- Genre: Game show
- Created by: Scott Sternberg
- Based on: Jeopardy! by Merv Griffin
- Directed by: Kevin McCarthy
- Presented by: Jeff Probst
- Narrated by: Loretta Fox Stew Herrera
- Theme music composer: Steve Kaplan
- Country of origin: United States
- Original language: English
- No. of seasons: 4
- No. of episodes: 100

Production
- Executive producer: Harry Friedman
- Producers: Lisa Finneran Gary Johnson
- Running time: approx. 22 minutes
- Production companies: Trackdown Productions VH1 Columbia TriStar Television

Original release
- Network: VH1
- Release: August 8, 1998 – December 2001

= Rock & Roll Jeopardy! =

American television game show

Rock & Roll Jeopardy! is an American television game show created by Scott Sternberg and adapted from the quiz show Jeopardy!. The show debuted on VH1 on August 8, 1998 and ran for four seasons, ending in December 2001. The series also aired in Canada on MuchMoreMusic with reruns airing until 2004. Hosted by Jeff Probst, this version featured largely identical play to the parent program, but highlighted post-1950s popular music trivia rather than focusing on general knowledge. Loretta Fox was the show's original announcer, with Stew Herrera later replacing her.

==Format==
Instead of the actual amount won during the three rounds of game play, the champions on Rock & Roll Jeopardy! were awarded $5,000, regardless of their score, and non-winners received consolation prizes, which were $2,000 for the second-place contestant and $1,000 for the third-place contestant (like the parent series). For the first two seasons, the clue values were in points, as in Super Jeopardy!, but they were changed to dollars for the final two seasons with the guaranteed minimum for the winner being $5,000. Numerous rock musicians appeared in celebrity editions of the show, playing for charitable organizations of their choice.
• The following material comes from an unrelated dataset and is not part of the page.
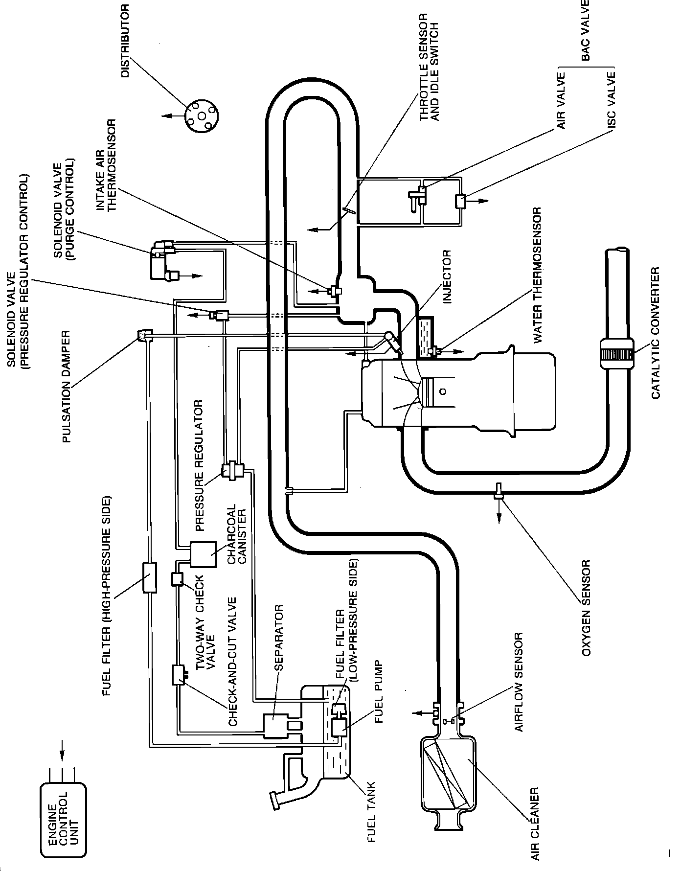 The ECU is a computer that judges air/fuel ratio as rich or lean according to a voltage signal generated by an oxygen sensor. Based on oxygen sensor and other input data, the ECU generates a controlling signal to the fuel injectors that regulates "ON" time. Because fuel pressure remains constant, the ECU controls air/fuel ratio adjustments by varying injector "ON" time.
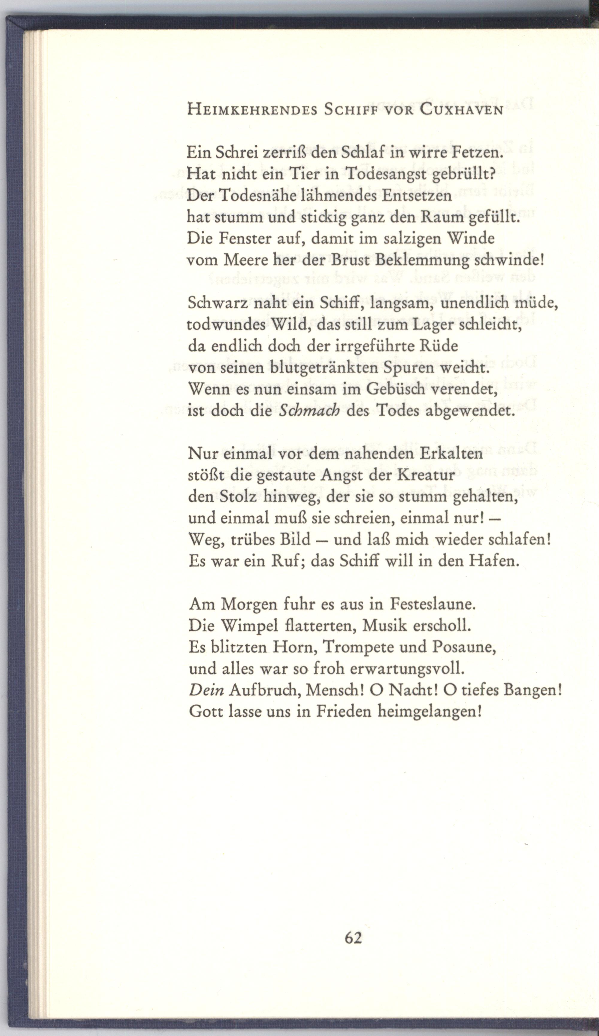 Weg, trübes Bild— und laß mich wieder schlafen! Es war ein Ruf; das Schiff will in den Hafen.

As was the case with Jeopardy!, Rock & Roll Jeopardy!s production involved most of the daily syndicated Jeopardy!s then-current personnel, and its copyright holder was identified in show credits as Trackdown Productions, Inc. Again, the show was taped at Stage 11 of Sony Pictures Studios, rather than Stage 10. Years after the cancellation, the parent program began to use Rock & Roll Jeopardy!'s main theme and think music (electric-guitar renditions of "Think!" written and performed by Steve Kaplan) in its Kids Weeks, Teen Tournaments and the College Championships. In Series 36, for the College Championship, it was replaced with Sports Jeopardy! cues. (The College Championship used an entirely new theme from Bleeding Fingers Music in Series 38.)